Pandemic Playlist: Sad Girls Dance Too
Mitski, by Bao Ngo

Mitski, by Bao Ngo

This week’s Pandemic Playlist is for those unafraid to dance with tears in their eyes.

I have always been a fan of dancing my way through sadness. There’s catharsis in crying, sure, but there’s even more in crying while dancing. It’s a complete expulsion. This week’s playlist brings you both. 

In early April, Johnny Jewel of Chromatics and Glass Candy released a remix of Angel Olsen’s song “All Mirrors.” “All Mirrors” is the title track on Olsen’s incredibly sad, inward-facing 2019 album, and the song depicts the dizziness of reflecting ourselves back to each other constantly, with slow and winding instrumentals underneath the lyrics. The remix reimagines this song as a dance track, one where the lyrics still hold the same weight as before, but the music beneath transforms the song’s purpose. This song was the inspiration for the playlist, and I set out to find my favorite sad girl bops. 

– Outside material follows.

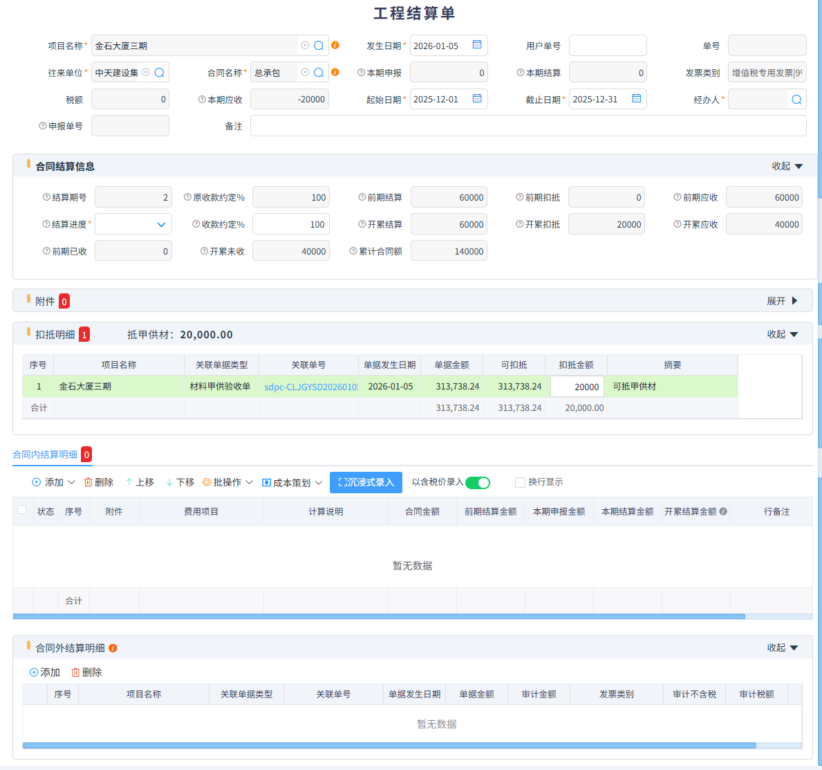 在與甲方結(jié)算時會自動扣除甲供材,扣抵金額可以自行輸入,分多次扣抵。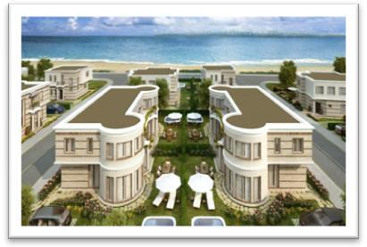Всего по проекту 132 дома разной площади - от уютных компактных / 89 кв.м. / до шикарных вилл /310 кв.м./ Для удобства владельцев каждый дом имеет бассейн, парковка на 1 автомобиль, собственный небольшой дворик с местом для барбекю и для игр детей. Комплекс имеет личный благоустроенный пляж.

This playlist is meant to be shuffled, as I think playlists built explicitly for dancing require a level of spontaneity. The playlist is mostly women, but all capture what I believe to be a sad girl energy. The sadness is across the board, whether it be loneliness, breakups, aging, or a general malaise to life itself. 

I started by combing through my favorite current indie sad girls, seeking their most danceable tracks. Some of the tracks I included here were Courtney Barnett’s “Pedestrian at Best,” Lucy Dacus’ cover of “Dancing in the Dark,” and Phoebe Bridgers’ recent single “Kyoto.” The most obvious choice, however, was Mitski’s “Nobody.” The song opens, “My god, I’m so lonely / So I open the window / To hear sounds of people,” which strikes a particularly raw chord right now. It’s a song about wanting to feel alright in small reprieves, in the comfort of someone else, despite recognizing all the ways we know nobody’s coming to save us. The chorus is Mitski singing the word “Nobody” over and over while a dance beat catapults listeners into a seeming delirium where we dance to our own loneliness. 

I wanted some classics, as well. I included Alanis Morissette’s “You Oughta Know,” No Doubt’s “Just A Girl,” and Neutral Milk Hotel’s “Holland, 1945.” Whitney Houston’s “I Wanna Dance With Somebody (Who Loves Me),” also makes an appearance, a song I wouldn’t normally categorize as overwhelmingly sad, but right now, I very much do. My favorite of the older songs is Robyn’s “Call Your Girlfriend.” This is, in my opinion, a perfect song. It’s a love song and a break-up song in one, nuanced in a way that’s rare within the structure of a pop song. In it, she talks a new lover through a break-up with their current partner, but it’s filled with empathy for all involved. There’s no spite, only a sadness for how the situation is unfolding, and a hope to move through it with as much grace as possible. All of this happens over upbeat synths that are nearly impossible not to dance to, pushing the song’s dimensionality further. 

These are the songs that have been getting me moving and getting my endorphins flowing without feeling like I’m turning too much of a blind eye to my sadness. I hope you can dance away some sadness, as well.